## TASK BRIEF
Among the entries below, retype exactly the lines starting with the one with "4月22日,在哈尔滨工业大学校园,学生在进行航天主题的大地彩绘。" and going on through the one with "會(huì)議室的設(shè", but not the pictures.

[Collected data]
--

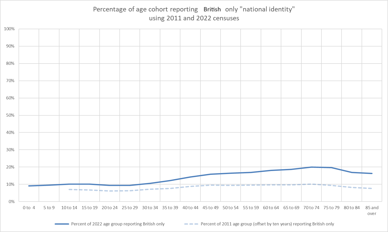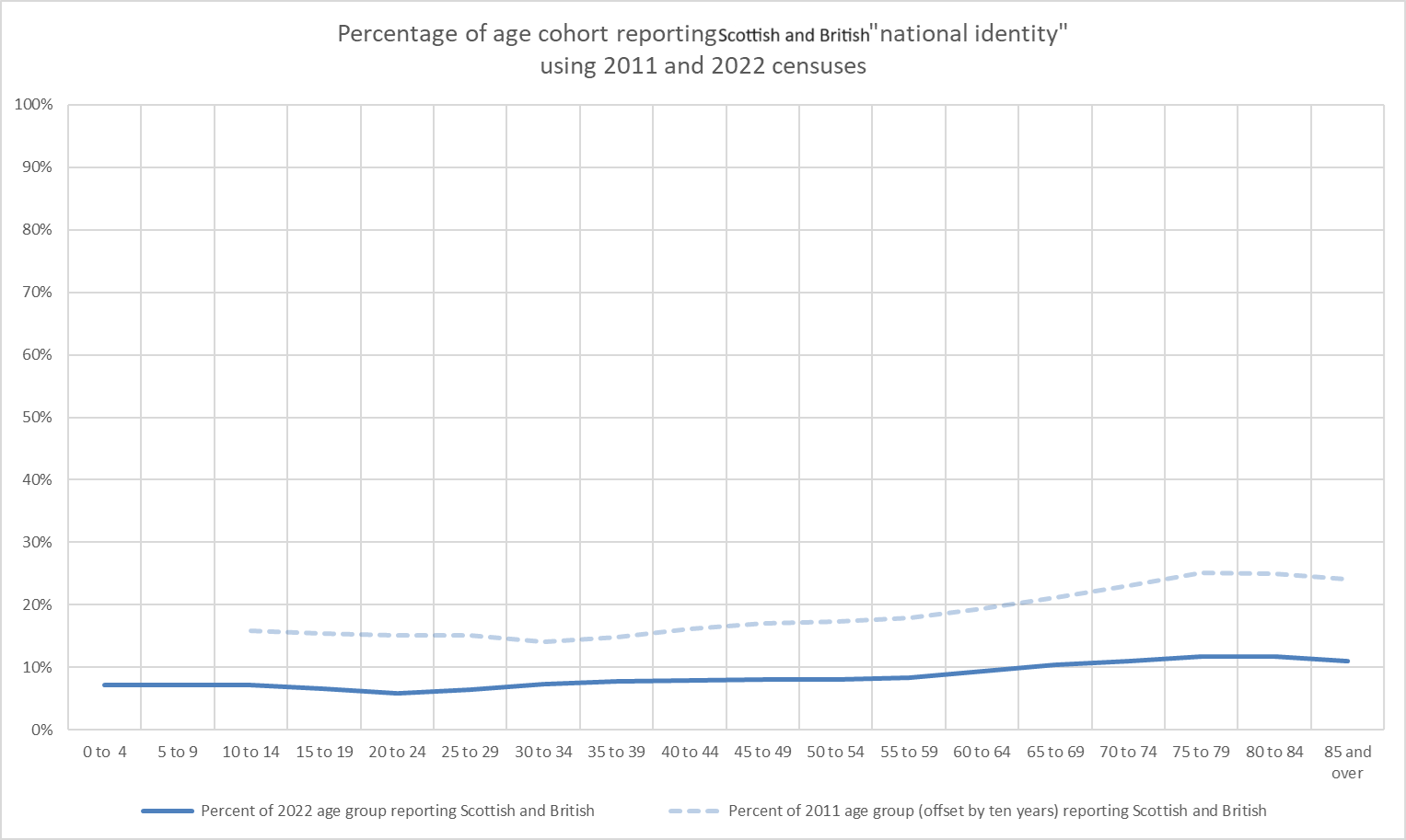 Although at this point I wish to concede that perhaps I should be looking at the percentage of each cohort, instead of just the number of people. So here is the graph of percents of each age group who reported a Scottish only national identity in the 2022 census, and in the 2011 census (offset by ten years).
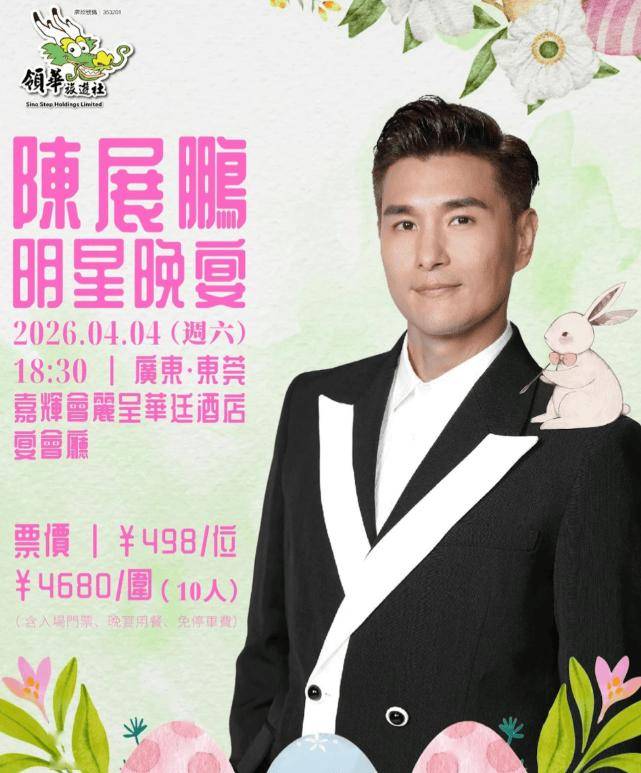 4月,陈展鹏将在东莞举办复活节晚宴,票价曝光分别是单人票 498 元、10 人桌 4680 元,含粤式晚餐 + 现场演唱 + 近距离互动。
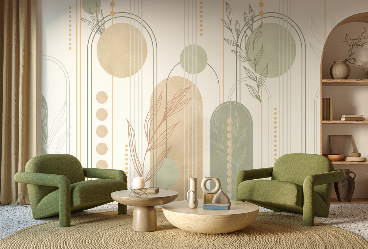 Минимализм: геометрические или абстрактные фрески с использованием монохромной палитры.
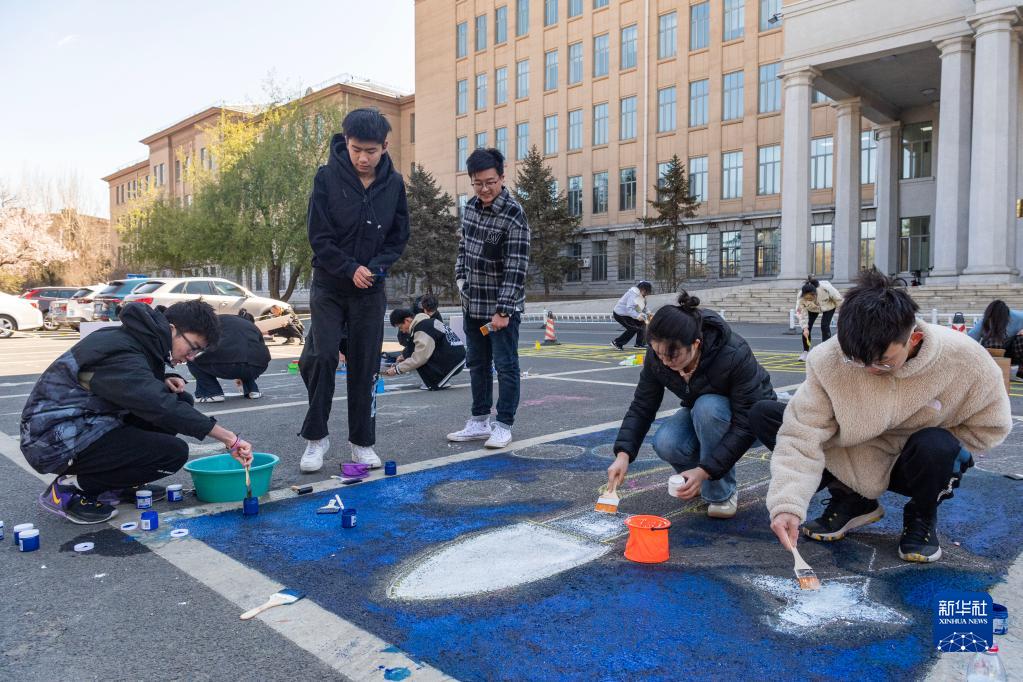 4月22日,在哈尔滨工业大学校园,学生在进行航天主题的大地彩绘。
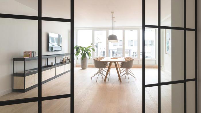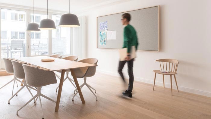 會(huì)議室的設(shè)計(jì):此處是一個(gè)多功能的辦公場(chǎng)所,此處與外部陽臺(tái)連接在一起,這樣可以避免會(huì)議的單一性,因?yàn)闀?huì)議在很多人眼中單調(diào)、無味的,故此會(huì)議往往會(huì)起到消極的作用,故此設(shè)計(jì)師將會(huì)議室與陽臺(tái)相互串聯(lián),就是希望以陽臺(tái)的自然與開放,為會(huì)議提供更多的可能性。
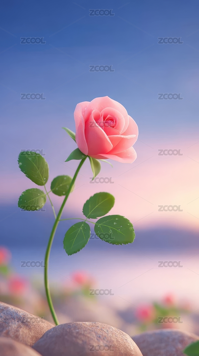 幻粉玫瑰绽,光缕缠萦绘幽境
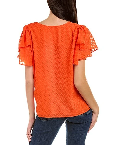 - Tulip Sleeve Top in blaze orange with textured design, V-neck, and layered tulip sleeve
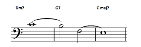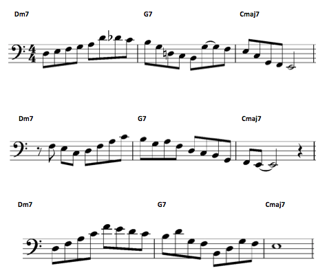 Instead of simply playing scales that function over the chords, guide tones will provide the scaffolding or framework to create lines that resolve to each other and truly outline the harmony. Below are examples of arpeggios and scales that are connected by guide tones which resolve from the seventh degree of the preceding chord to the third of the chord or vice versa.

--

## SOLUTION FOR THIS EXERCISE
 4月22日,在哈尔滨工业大学校园,学生在进行航天主题的大地彩绘。
 會(huì)議室的設(shè)計(jì):此處是一個(gè)多功能的辦公場(chǎng)所,此處與外部陽臺(tái)連接在一起,這樣可以避免會(huì)議的單一性,因?yàn)闀?huì)議在很多人眼中單調(diào)、無味的,故此會(huì)議往往會(huì)起到消極的作用,故此設(shè)計(jì)師將會(huì)議室與陽臺(tái)相互串聯(lián),就是希望以陽臺(tái)的自然與開放,為會(huì)議提供更多的可能性。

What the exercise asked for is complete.